Less myostatin and more lean mass in large-born infants from nondiabetic mothers.

J Clin Endocrinol Metab

Department of Pediatric Endocrinology (F.d.Z.), University Hospital Gasthuisberg, 3000 Leuven, Belgium; Endocrinology Unit (M.D., L.I.), and Department of Obstetrics & Gynecology (M.P.-C., M.D.G.-R.), Hospital Sant Joan de Déu, University of Barcelona, 08950 Esplugues, Barcelona, Spain; Centro de Investigación Biomédica en Red de Diabetes y Enfermedades Metabólicas Asociadas (M.D., L.I.), Instituto de Salud Carlos III, 28029 Madrid, Spain; and Department of Pediatrics (A.L.-B.), Dr Josep Trueta Hospital, and Girona Institute for Biomedical Research, 17007 Girona, Spain.

Published: November 2014

Context And Objective: Sexagenarians born large are at lower risk for type 2 diabetes than those born small, a key feature of their body composition being a higher muscle mass, which explains their higher body mass index and also their lower fat-to-lean-mass ratio. Myogenesis is completed in early infancy under the inhibitory control of myostatin. We tested whether large-born infants from nondiabetic mothers develop an early surplus of lean mass while having a lower myostatinemia. Design, Methods, Study Participants, and Main Outcomes: In a longitudinal study (0-4 mo), we compared the body composition and endocrine markers (fasting glucose, insulin, IGF-1, high molecular weight adiponectin) of breast-fed appropriate- vs large-for-gestational-age infants (n = 125) from nondiabetic mothers. Circulating myostatin concentrations were assayed after collection of the above-mentioned data.

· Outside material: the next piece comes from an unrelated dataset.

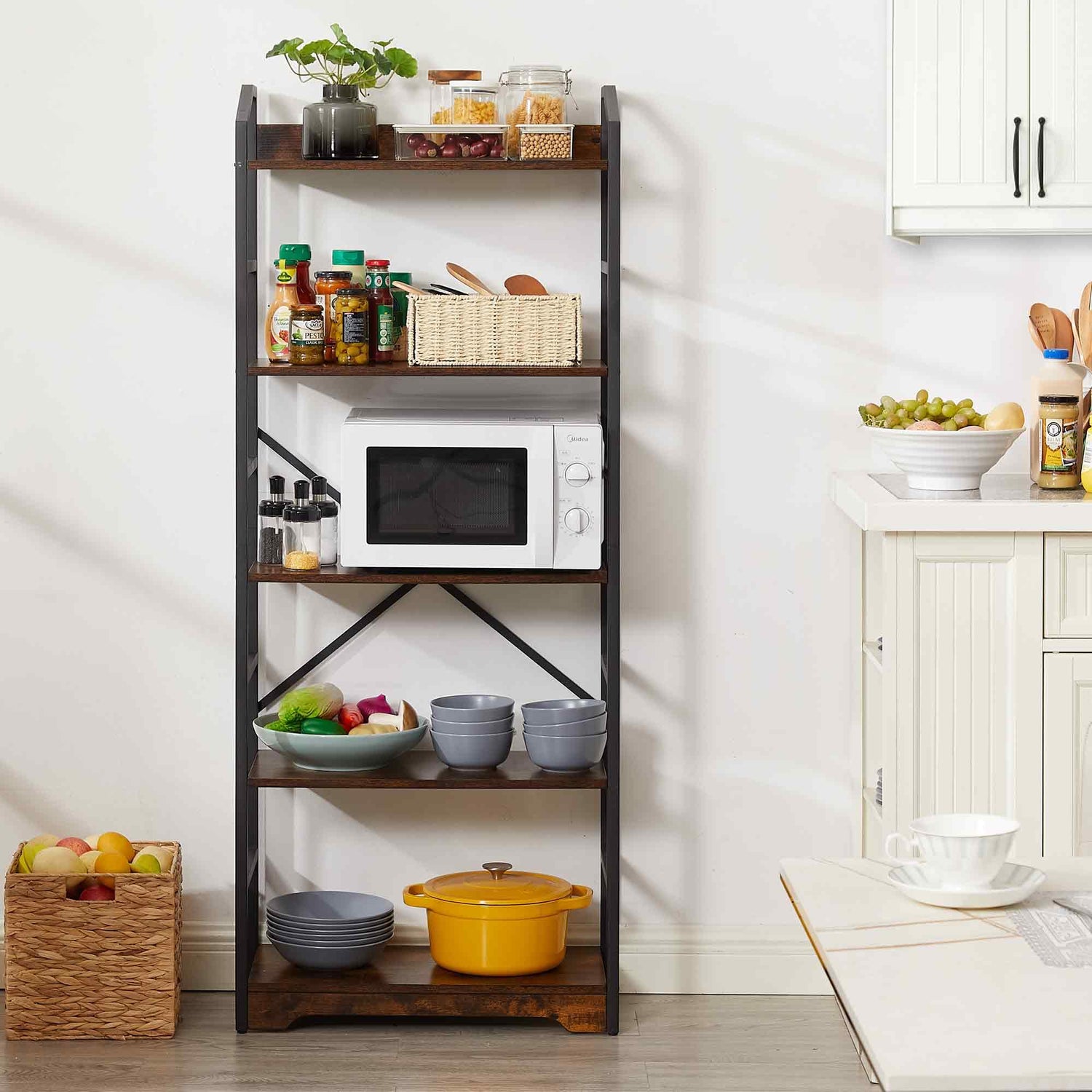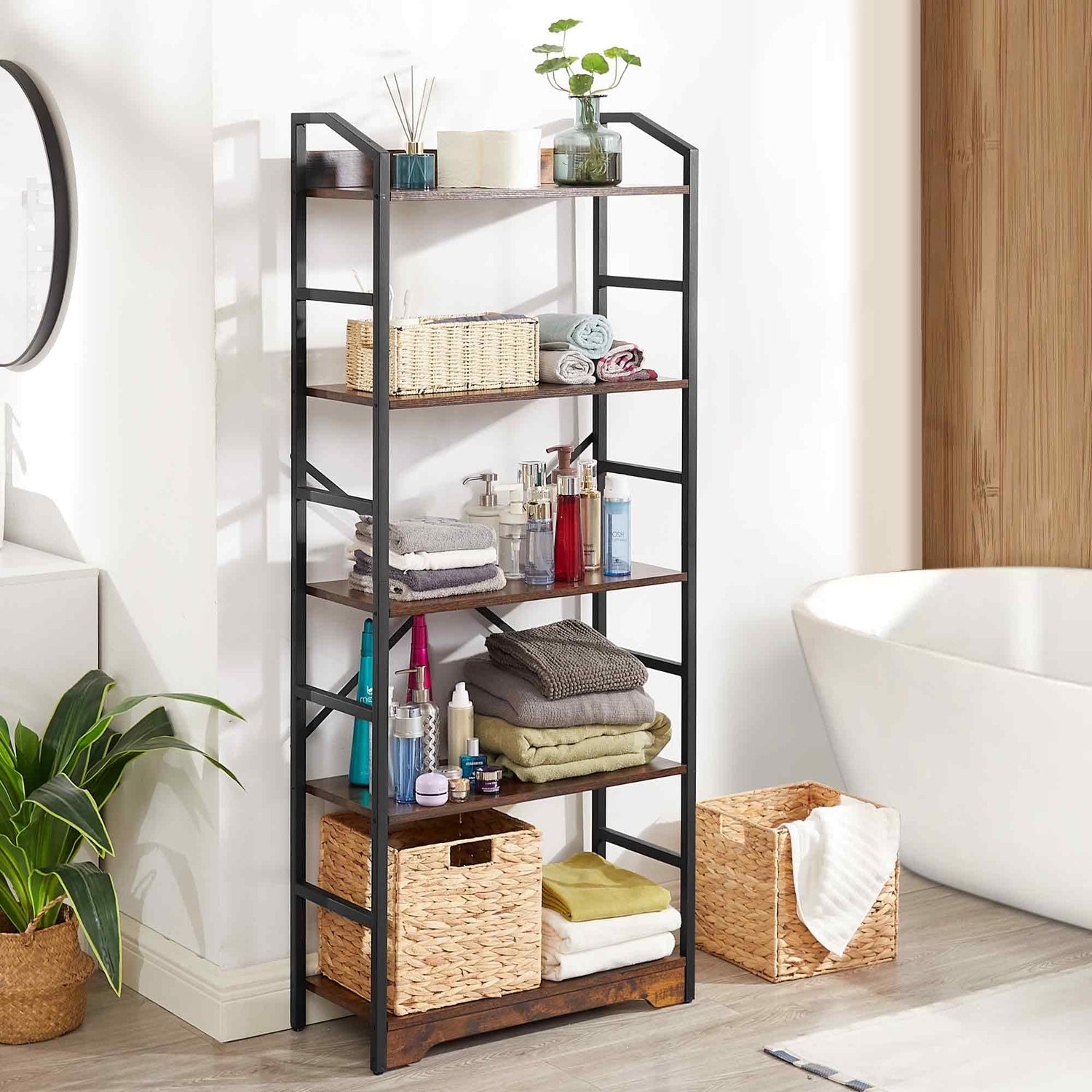 - [Multifunctional 5-Tier Bookshelf] The rustic bookcase is so simple and classic that it can be put in any space. In living room as a display shelf, open bookcase, or other room decorations. As a storage book shelf for your shampoo, clothes baskets in bathroom. Or as a bookshelf for bedroom. It can also be a plant flower standing shelf in balcony.

Setting: The study was conducted at the University Hospital for Women and Children.

Intervention: There were no interventions.

Results: Between 0-4 months, large-for-gestational-age infants switched from an adipose to a lean body composition (due to a nearly 20% excess of lean mass) and to an insulin-sensitive and hyperadiponectinemic state while having low IGF-1 concentrations and the lowest myostatinemia hitherto reported in the human (all between P ≤ .01 and P ≤ .0001).

Conclusion: Large-born infants from nondiabetic mothers were found to combine a low myostatinemia with an excess of lean mass. The fetal-neonatal control of myostatinemia deserves further attention because it could become a target of interventions that aim at reducing the risk for diabetes in later life by augmenting myogenesis in early life.